▶ WORK INSTRUCTIONS
Quote exactly the lines from the one with "Brown hair wirh" to the end of the data, both included; omit the pictures.

▶ INFORMATION SUPPLIED
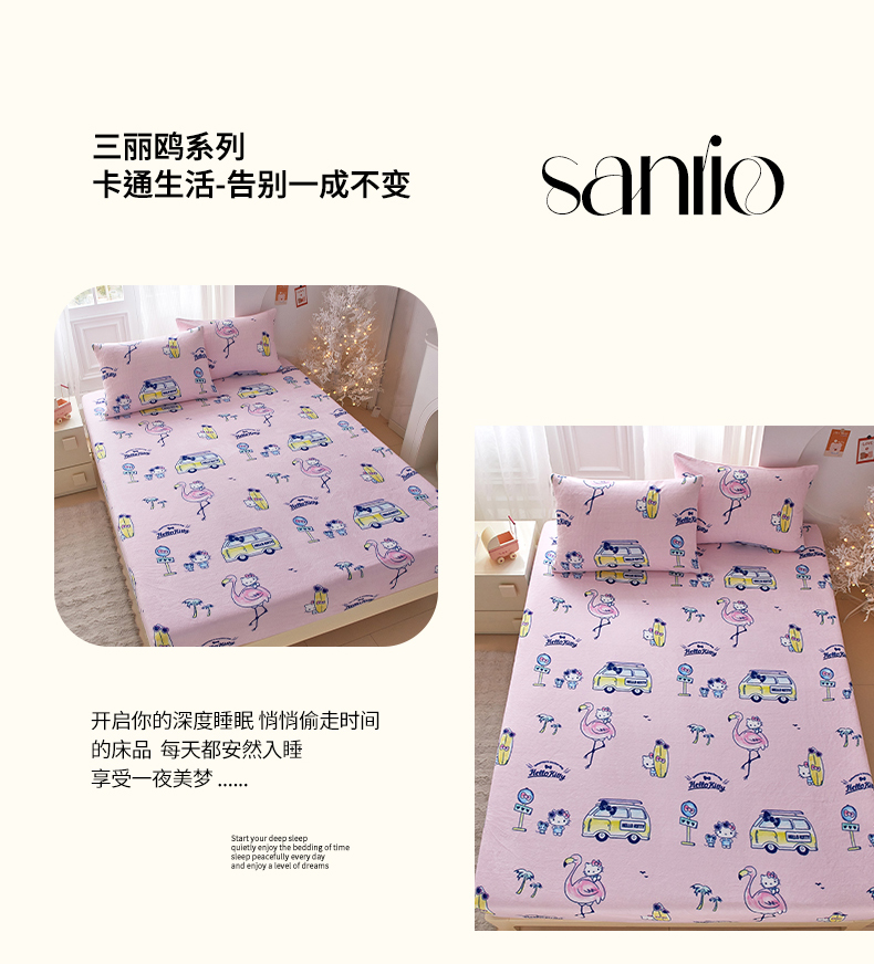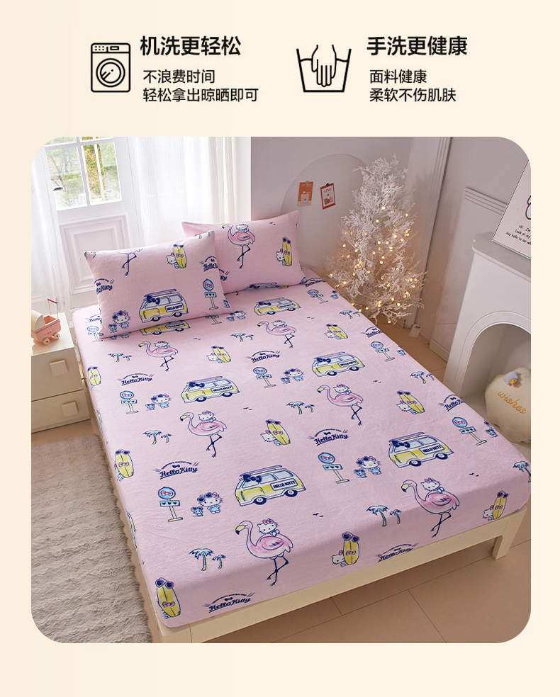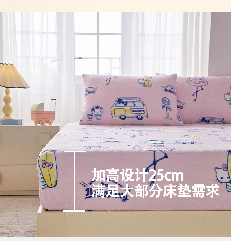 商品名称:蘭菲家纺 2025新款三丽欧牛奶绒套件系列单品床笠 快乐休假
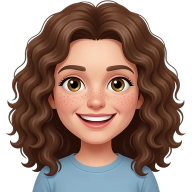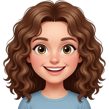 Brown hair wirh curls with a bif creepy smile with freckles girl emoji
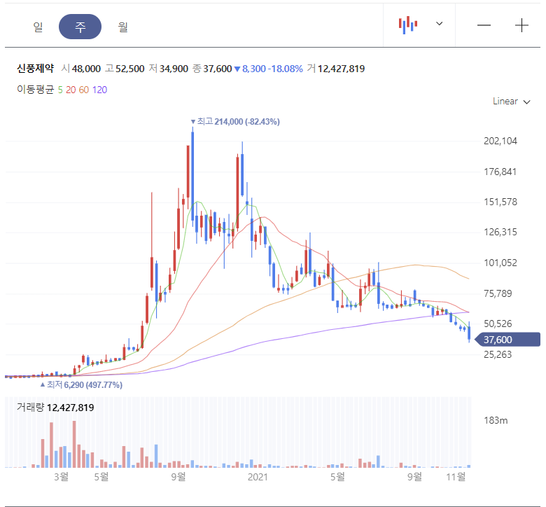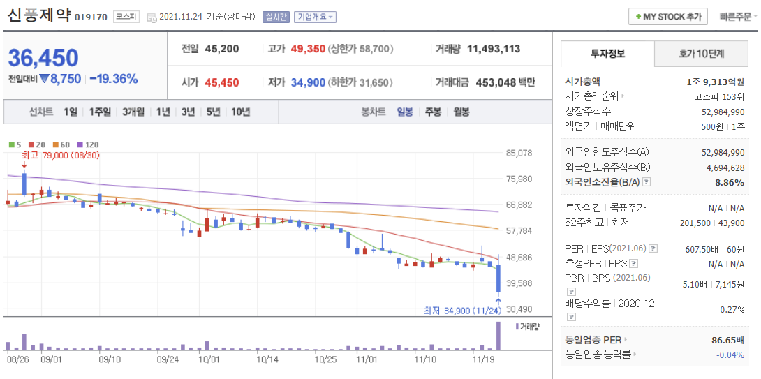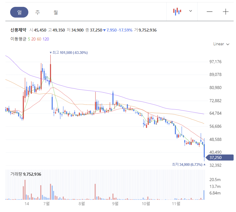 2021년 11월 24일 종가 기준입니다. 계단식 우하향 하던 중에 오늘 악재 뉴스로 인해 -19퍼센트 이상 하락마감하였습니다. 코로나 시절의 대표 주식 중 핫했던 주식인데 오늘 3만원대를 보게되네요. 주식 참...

▶ EXPECTED ANSWER
 Brown hair wirh curls with a bif creepy smile with freckles girl emoji
 2021년 11월 24일 종가 기준입니다. 계단식 우하향 하던 중에 오늘 악재 뉴스로 인해 -19퍼센트 이상 하락마감하였습니다. 코로나 시절의 대표 주식 중 핫했던 주식인데 오늘 3만원대를 보게되네요. 주식 참...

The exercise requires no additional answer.